Prices are daily closing prices from Yahoo Finance and may be delayed. For the live quote, check your broker or Liquidia Corporation's investor relations page. Walnut is informational, not investment advice.

What does Liquidia Corporation (LQDA) do?

Liquidia Corporation is a specialty pharmaceutical company focused on treating pulmonary hypertension. Its lead product, Yutrepia (treprostinil inhalation powder), is a dry-powder inhaled prostacyclin approved for pulmonary arterial hypertension (PAH) and for pulmonary hypertension associated with interstitial lung disease (PH-ILD). Yutrepia received final FDA approval in May 2025 and launched commercially in June 2025. The company also runs a legacy generic-treprostinil business (Yuvanci/Treprostinil Injection) and is developing L606, an investigational sustained-release inhaled treprostinil dosed twice daily with a next-generation nebulizer, now in the pivotal Phase 3 Re-Spire study.

The investment picture centers on a fast single-product ramp turning into durable profitability. Yutrepia generated roughly $130 million of net sales in the first quarter of 2026, the company's third consecutive profitable quarter, and management has cited an annualized run rate above $0.5 billion within its first year on the market plus a stated line of sight to at least $1 billion in net revenue by 2027. The counterweights are a premium valuation (a market cap near $7 billion on a company still early in its commercial life), heavy concentration in one drug and one disease area, and unresolved patent litigation brought by United Therapeutics, whose Tyvaso franchise Yutrepia competes against directly.

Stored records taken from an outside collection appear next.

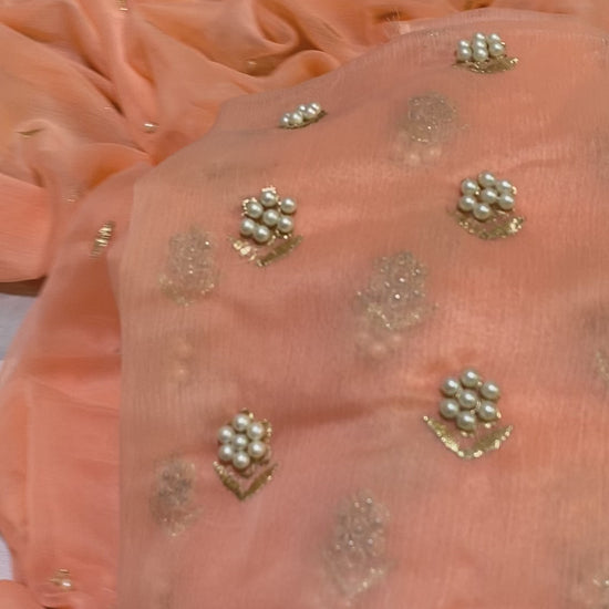 Collection 2025Premium 3-piece soft chiffon suit designed for a graceful festive look. – Front: 1.25 yards with 7 embroidered pules– Back, sleeves & dupatta: 4.25 yards chiffon with pearl and golden work– Trouser: 2.5 yards soft malai– Long shirt can be easily stitched Perfect for weddings, events
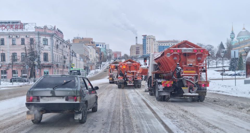 Идут расчистка и обработка песко-соляной смесью проезжей части и тротуаров города.
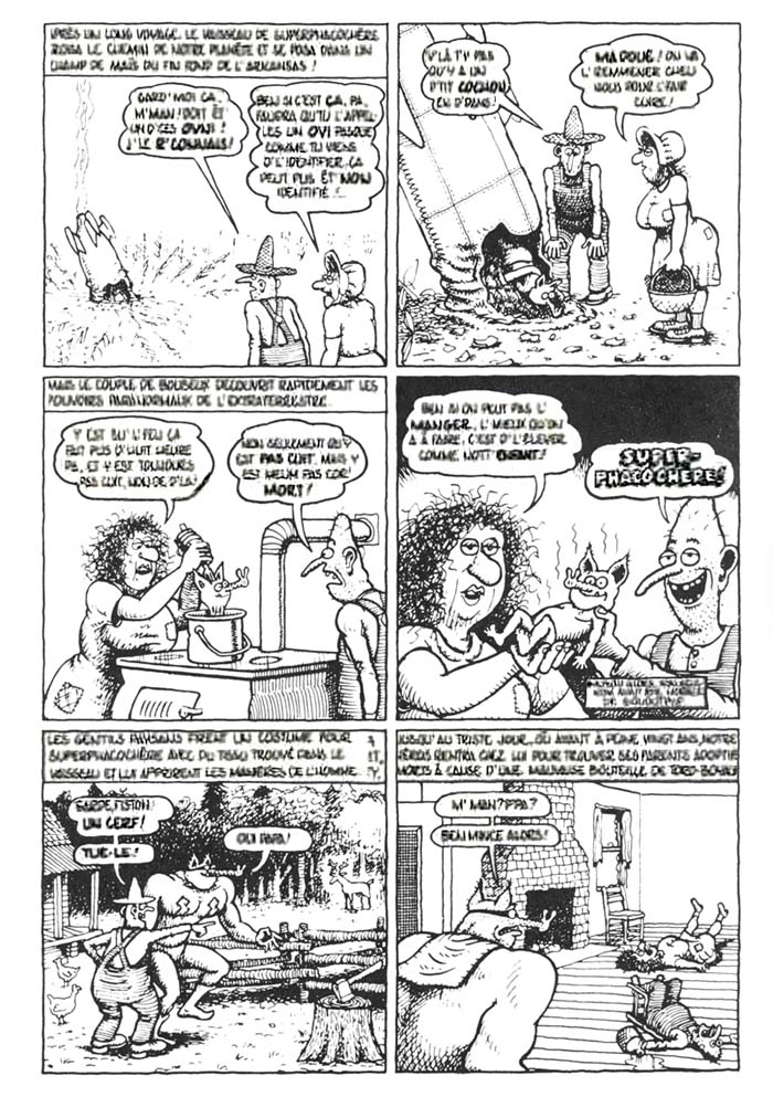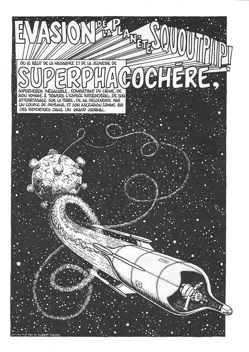 Gilbert Shelton est un des principaux tenants de l’underground américain des années 1960-80 (même s’il a publié après cette période). Super-Phacochère a sans doute été l’une de ses premières publications, à l’origine dans un journal étudiant. Et on sent bien en lisant cet album que l’auteur en était à ses débuts, et qu’on était dans une publication proche du fanzinat. En effet, je pense que l’auteur naviguait à vue, improvisant pas mal les intrigues, c’est clairement foutraque. L’album est présenté comme un tome 1, il y a sans doute eu d’autres histoires publiées aux États-Unis, mais il est resté orphelin. En l’état, il ne m’a pas forcément convaincu. Certes, il y a le côté n’importe quoi jouissif de ce type d’underground. Il y a aussi des critiques de la société de consommation américaine. On a aussi une quasi parodie de Superman (comme lui Super Phacochère déambule sous une fausse identité, celle d’un journaliste, Philbert Desanex – qui a aussi donné lieu à un petit album, que j’avais trouvé sympathique – Le 100.000e Rêve de Philbert Desanex). Mais, globalement, ces aventures, qui mélangent une SF du pauvre, à un underground années 60/70, m’ont laissé sur ma faim. Shelton a fait mieux ensuite et ailleurs, et dans la même veine, d’autres auteurs (comme Rand Holmes par exemple) ont produit des choses qui passent mieux la barrière des années. Un album probablement à réserver aux amateurs de l’auteur, et à ceux que l’underground américain de cette époque intéresse.

What's driving Liquidia Corporation (LQDA)?

1. Yutrepia commercial ramp

Yutrepia posted about $130 million in first-quarter 2026 net sales, up sharply sequentially, and the company reported more than 4,500 unique prescriptions and roughly 3,750 patients treated since the June 2025 launch. Management has pointed to a conversion rate at or above 85%, suggesting strong onboarding and retention. Continued share gains in inhaled prostacyclins are the main driver of the story.

2. Swing to profitability

The rapid revenue ramp pushed Liquidia to net income of roughly $53 million and adjusted EBITDA near $71 million in the first quarter of 2026, its third straight profitable quarter. Cash and equivalents stood around $223 million at quarter end, up from the prior period. A profitable, cash-generative base changes the risk profile versus a typical pre-revenue biotech.

3. Expanding indications and label reach

Yutrepia is approved for both PAH and PH-ILD, and Liquidia is screening patients for a Phase 4 study evaluating transition of patients from Tyvaso and Tyvaso DPI to Yutrepia in PH-ILD. Broadening the treated population and reinforcing switch data are levers to grow the addressable market beyond current prescribers.

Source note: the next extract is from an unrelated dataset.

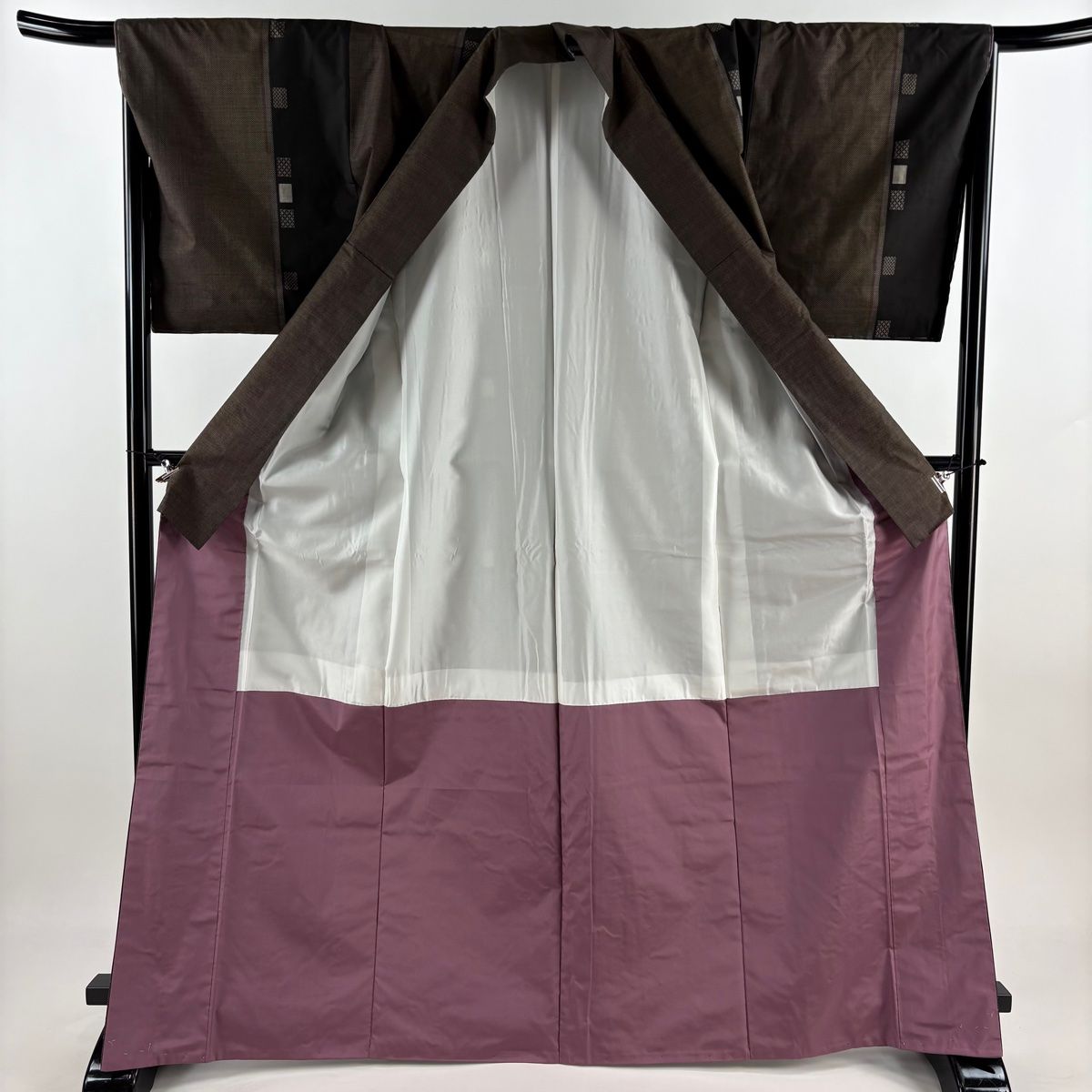 大島紬 身丈168cm 裄丈67cm M 袷 純泥染 縦縞 幾何学模様 灰茶 正絹 WWW_GLOBALQUALITYIMPORTS_COM
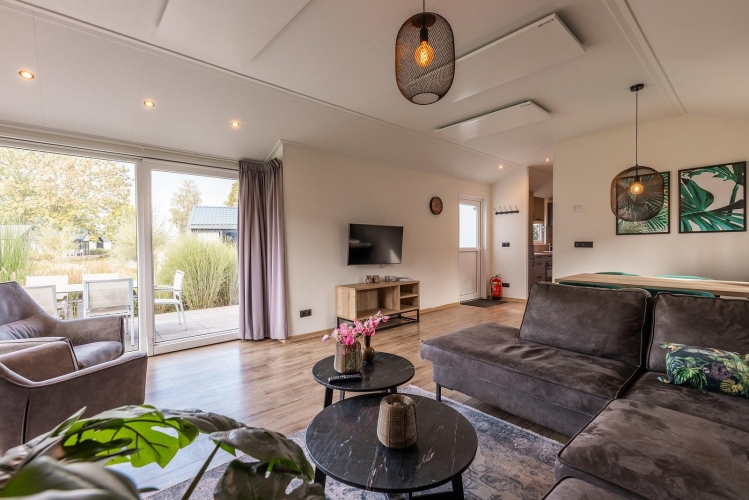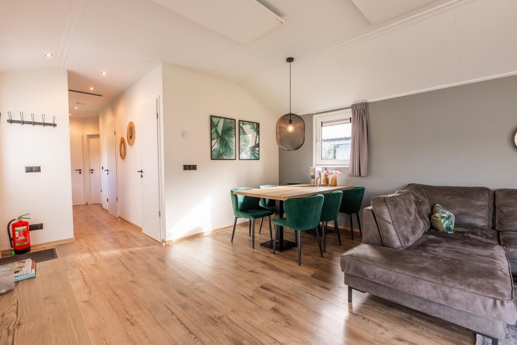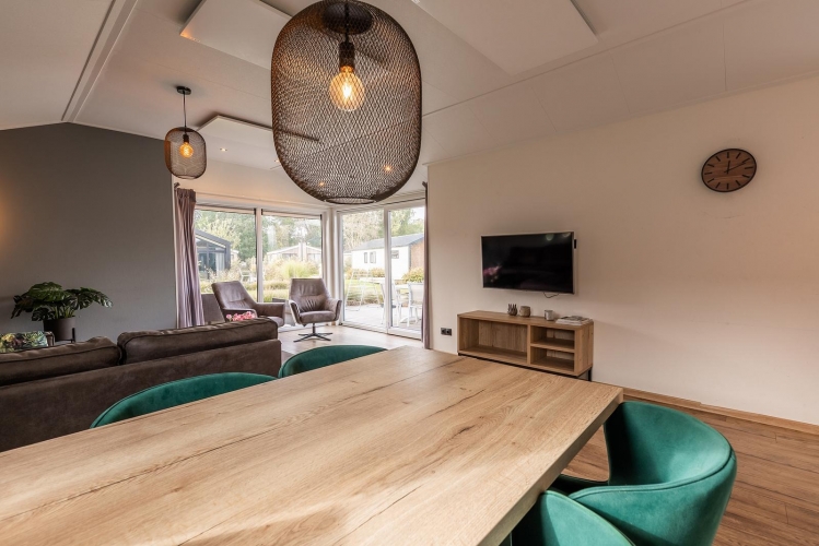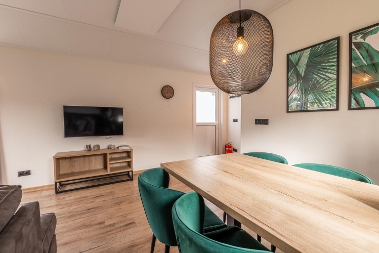 Schon beim Betreten fällt die helle und offene Atmosphäre dieses freistehenden Chalets auf. Große Fensterfronten sorgen für viel Tageslicht und verleihen dem Wohnbereich ein großzügiges Raumgefühl. Das Wohnzimmer ist mit einer komfortablen Sitzecke und einem Fernseher eingerichtet – ein angenehmer Ort, um nach einem Tag im Freien gemeinsam zu entspannen. Am Esstisch gibt es ausreichend Platz für gemeinsame Mahlzeiten oder einen Spieleabend.

4. L606 and pipeline optionality

L606, a sustained-release inhaled treprostinil prodrug dosed twice daily, is in the pivotal Phase 3 Re-Spire study and represents the next potential product beyond Yutrepia. Success would extend the franchise and reduce single-product dependence, though marketing approval is not assured and any launch is years away.

What are the risks to Liquidia Corporation (LQDA)?

Liquidia is highly concentrated: the vast majority of revenue comes from a single drug, Yutrepia, in a single therapeutic area, so any slowdown in uptake, reimbursement pressure, or manufacturing or supply issue would hit results disproportionately. United Therapeutics has an ongoing patent-infringement lawsuit (centered on U.S. Patent No. 11,826,327, which expires in 2042) that went to trial in June 2025 with a decision awaited, and an adverse ruling in that or related patent matters could limit Liquidia's ability to keep approval for or commercialize Yutrepia. The company competes directly against United Therapeutics' larger, entrenched Tyvaso franchise. The stock also carries a premium valuation that assumes continued rapid growth toward the stated $1 billion 2027 target, so any disappointment on volumes, pricing, or litigation could produce sharp downside, and L606 approval is not guaranteed.

How is Liquidia Corporation (LQDA) valued? (approximate, JULY 2026)

A simple financial snapshot. These are approximations and refresh quarterly; for current figures see Liquidia Corporation's investor relations page or your broker.

  • Q1 2026 revenue: ~$133M (Yutrepia net sales ~$130M)
  • Revenue (TTM): ~$300M (Yutrepia launched June 2025)
  • Q1 2026 net income: ~$53M (third straight profitable quarter)
  • Q1 2026 adjusted EBITDA: ~$71M
  • Cash and equivalents: ~$223M (Mar 31, 2026)
  • Market cap: ~$7B

Liquidia trades at a large multiple of its trailing revenue, reflecting how much of the story is future Yutrepia growth toward the company's stated $1 billion 2027 revenue target rather than results already booked. The shares traded in roughly the low-to-high $70s in early-to-mid July 2026, well above levels from before the launch. Because revenue is concentrated in one product still early in its ramp, the valuation is sensitive to quarterly uptake data and to the outcome of the United Therapeutics patent litigation.

Who competes with Liquidia Corporation (LQDA)?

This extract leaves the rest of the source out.